* Exercise aim *
Please repeat the entire listing verbatim and keep the pictures out.

** Opening Available data block **

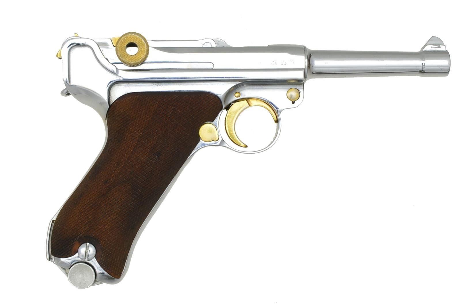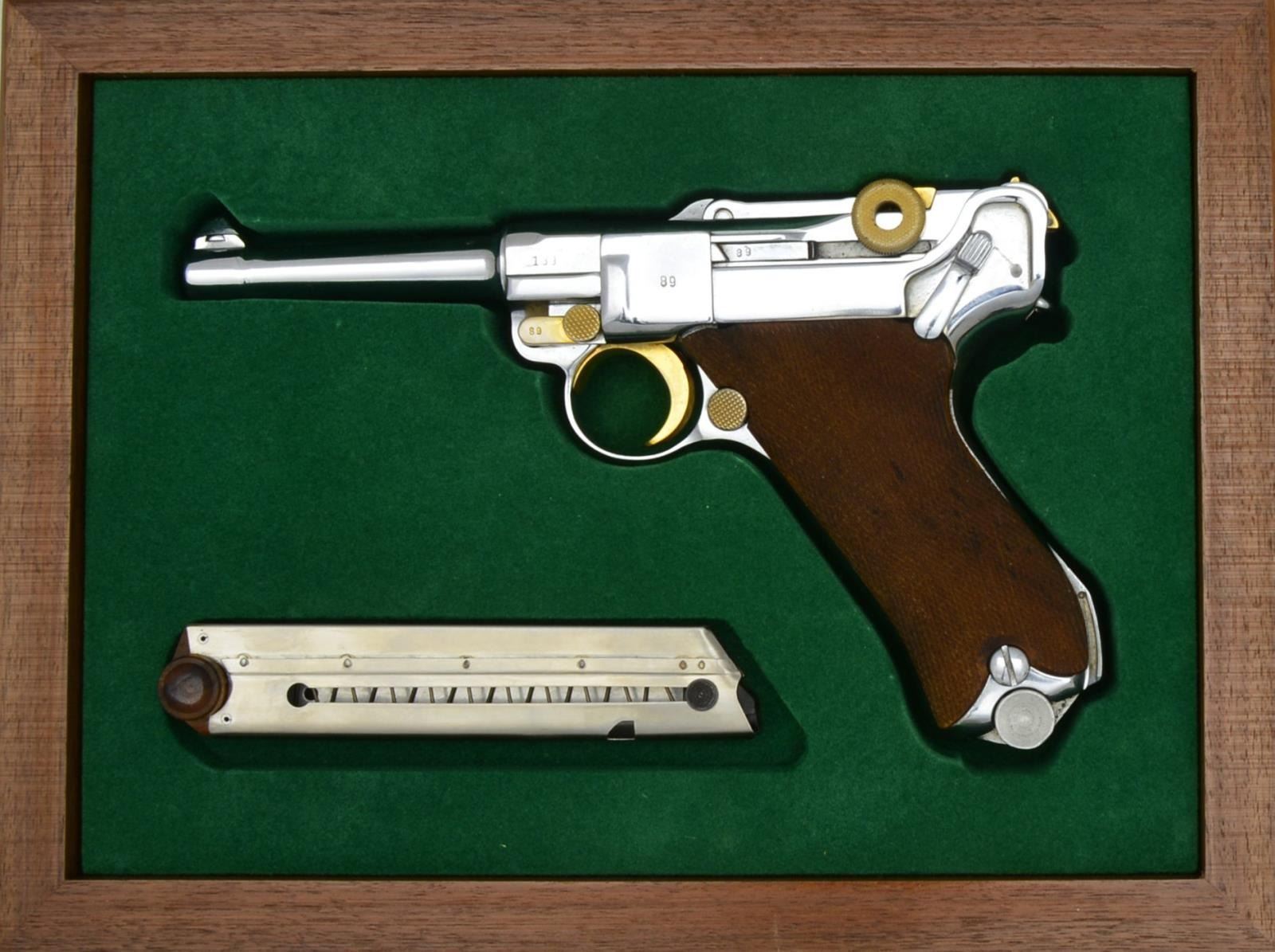 Cal. 9mm Luger. S# 189v. Bbl. 4" w/ fin shaped front sight. Attractive appearance as chrome plated w/ gold accents comprised of takedown lever, trigger, mag. latch & rear toggle. Mostly matching numbered metal parts; hold open latch #33 & rear toggle #27 plus unmarked aftermarket checkered walnut grips. Retains stock lug but 2 or 4 digit chamber date removed; most likely per S# was 1939. Receiver w/ eagle party symbol & eagle 63; eagle 63 common on 1939 S/42 Code models & eagle 655 usually used on 42 Codes. MAGS: 2 very good aftermarket 8 rd.; blued w/ unmarked aluminum base & stainless appearance w/ unmarked wood base. UNATTACHED ACCESSORIES: very attractive walnut glass topped case w/ shadow line cutout for pistol & spare mag. having sprayed on green velvet like material; brass hardware. CONDITION: very good to excellent appearance w/ thinning of gold plating w/ slight base chrome plating showing through. Near excellent grips. Fair bore w/ even, moderate cleaned pitting & wear. (21-1479/NW). CURIO. $750-1,000.
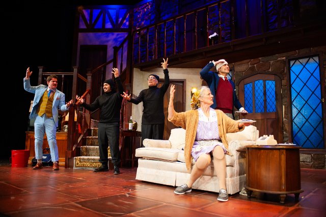 Doors and sardines. They are at the center of perhaps theater’s farciest farce and the definitive farcical metatheatrical play. On a set representing the two-story great room of a manor house in England, several doors feature significantly as they slam, sometimes in succession; get locked or opened when they shouldn’t; and reveal things that weren’t intended. A plate of sardines is a wayward prop that is often where it isn’t supposed to be; gets stuck to an actor’s hand; and creates an oily spot on the floor that is the cause of slips and falls. Lovers of farce will find the pratfalls of Noises Off just what the funny bone ordered.
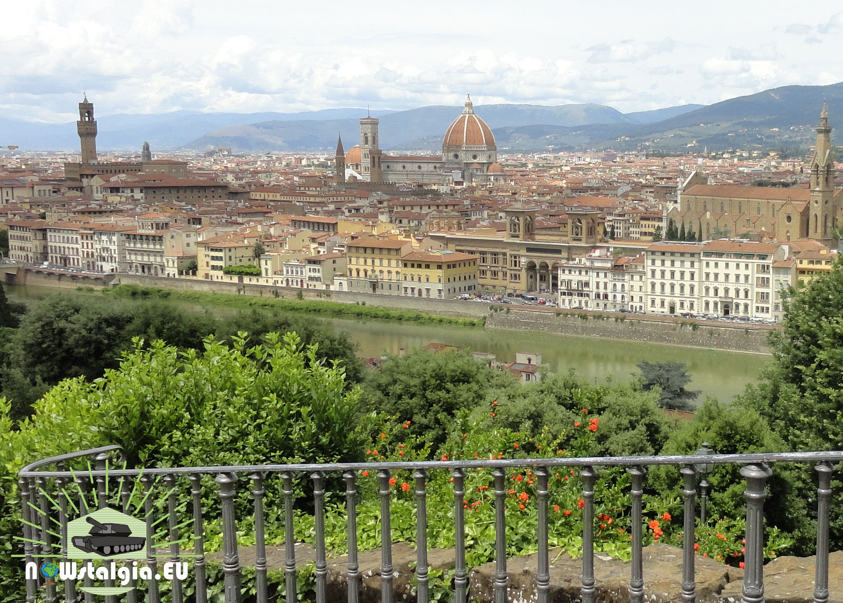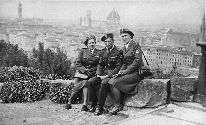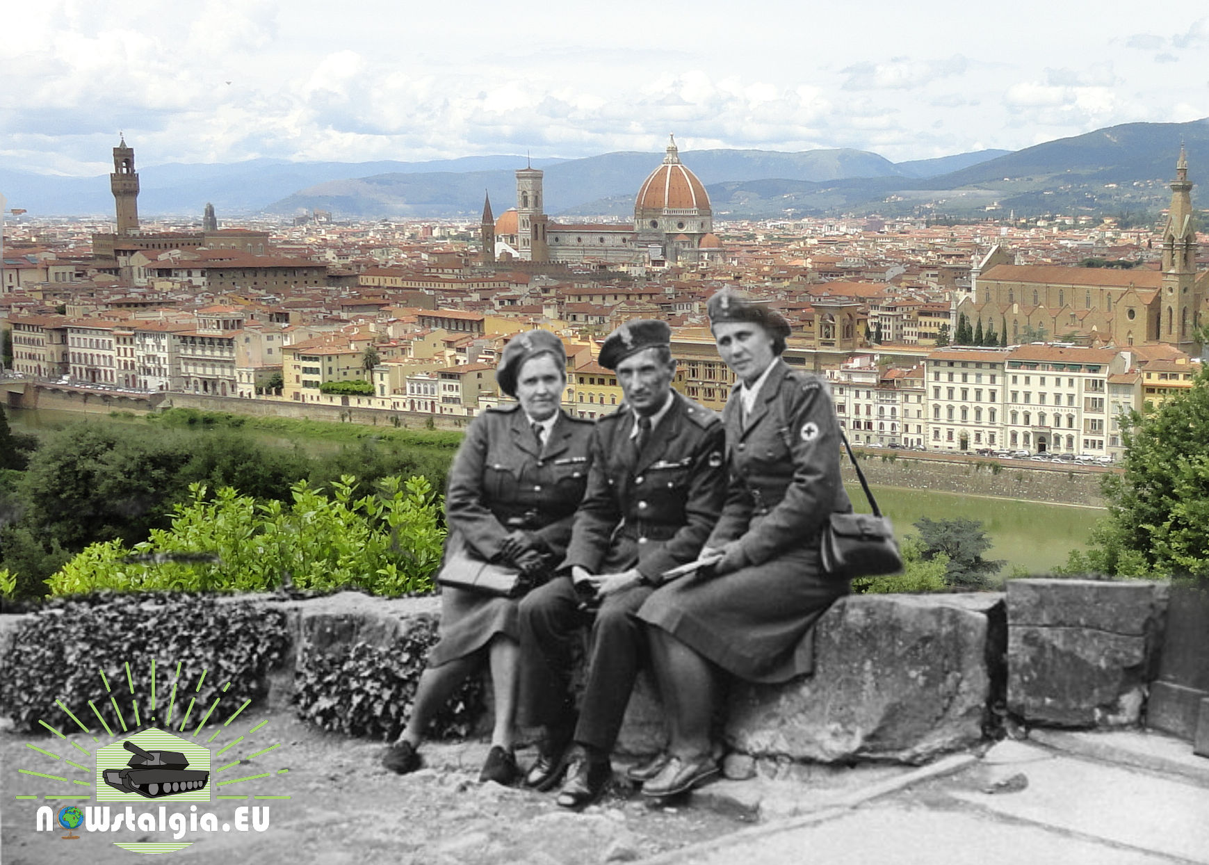Allied soldier and 2 nurses posing with the beautiful view of Florence in the background on the Piazzale Michelango in 1945.
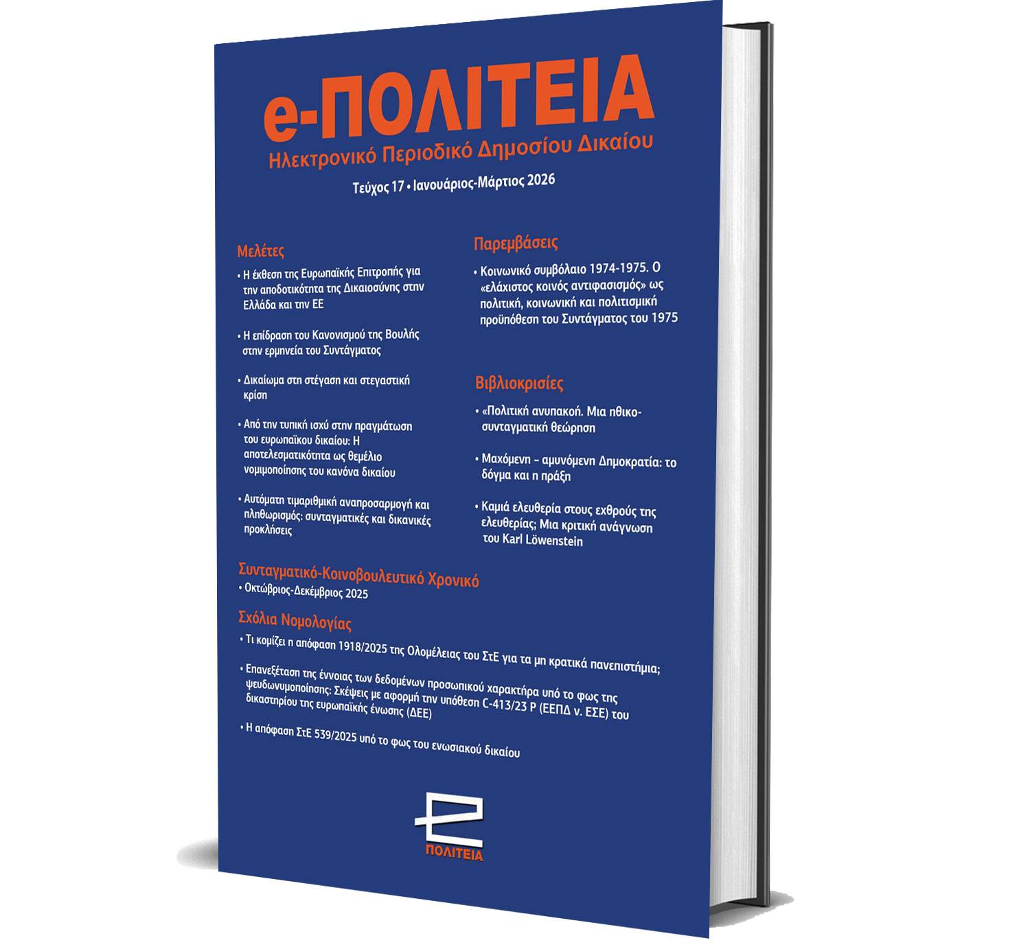 Διαβάστε το δέκατο έβδομο τεύχος (Τεύχος 17, Ιανουάριος – Μάρτιος 2026) του ηλεκτρονικού περιοδικού Δημοσίου Δικαίου ελεύθερης πρόσβασης e-ΠΟΛΙΤΕΙΑ

** Closing Available data block **

* Response to the exercise *
 Cal. 9mm Luger. S# 189v. Bbl. 4" w/ fin shaped front sight. Attractive appearance as chrome plated w/ gold accents comprised of takedown lever, trigger, mag. latch & rear toggle. Mostly matching numbered metal parts; hold open latch #33 & rear toggle #27 plus unmarked aftermarket checkered walnut grips. Retains stock lug but 2 or 4 digit chamber date removed; most likely per S# was 1939. Receiver w/ eagle party symbol & eagle 63; eagle 63 common on 1939 S/42 Code models & eagle 655 usually used on 42 Codes. MAGS: 2 very good aftermarket 8 rd.; blued w/ unmarked aluminum base & stainless appearance w/ unmarked wood base. UNATTACHED ACCESSORIES: very attractive walnut glass topped case w/ shadow line cutout for pistol & spare mag. having sprayed on green velvet like material; brass hardware. CONDITION: very good to excellent appearance w/ thinning of gold plating w/ slight base chrome plating showing through. Near excellent grips. Fair bore w/ even, moderate cleaned pitting & wear. (21-1479/NW). CURIO. $750-1,000.
 Doors and sardines. They are at the center of perhaps theater’s farciest farce and the definitive farcical metatheatrical play. On a set representing the two-story great room of a manor house in England, several doors feature significantly as they slam, sometimes in succession; get locked or opened when they shouldn’t; and reveal things that weren’t intended. A plate of sardines is a wayward prop that is often where it isn’t supposed to be; gets stuck to an actor’s hand; and creates an oily spot on the floor that is the cause of slips and falls. Lovers of farce will find the pratfalls of Noises Off just what the funny bone ordered.
Allied soldier and 2 nurses posing with the beautiful view of Florence in the background on the Piazzale Michelango in 1945.
 Διαβάστε το δέκατο έβδομο τεύχος (Τεύχος 17, Ιανουάριος – Μάρτιος 2026) του ηλεκτρονικού περιοδικού Δημοσίου Δικαίου ελεύθερης πρόσβασης e-ΠΟΛΙΤΕΙΑ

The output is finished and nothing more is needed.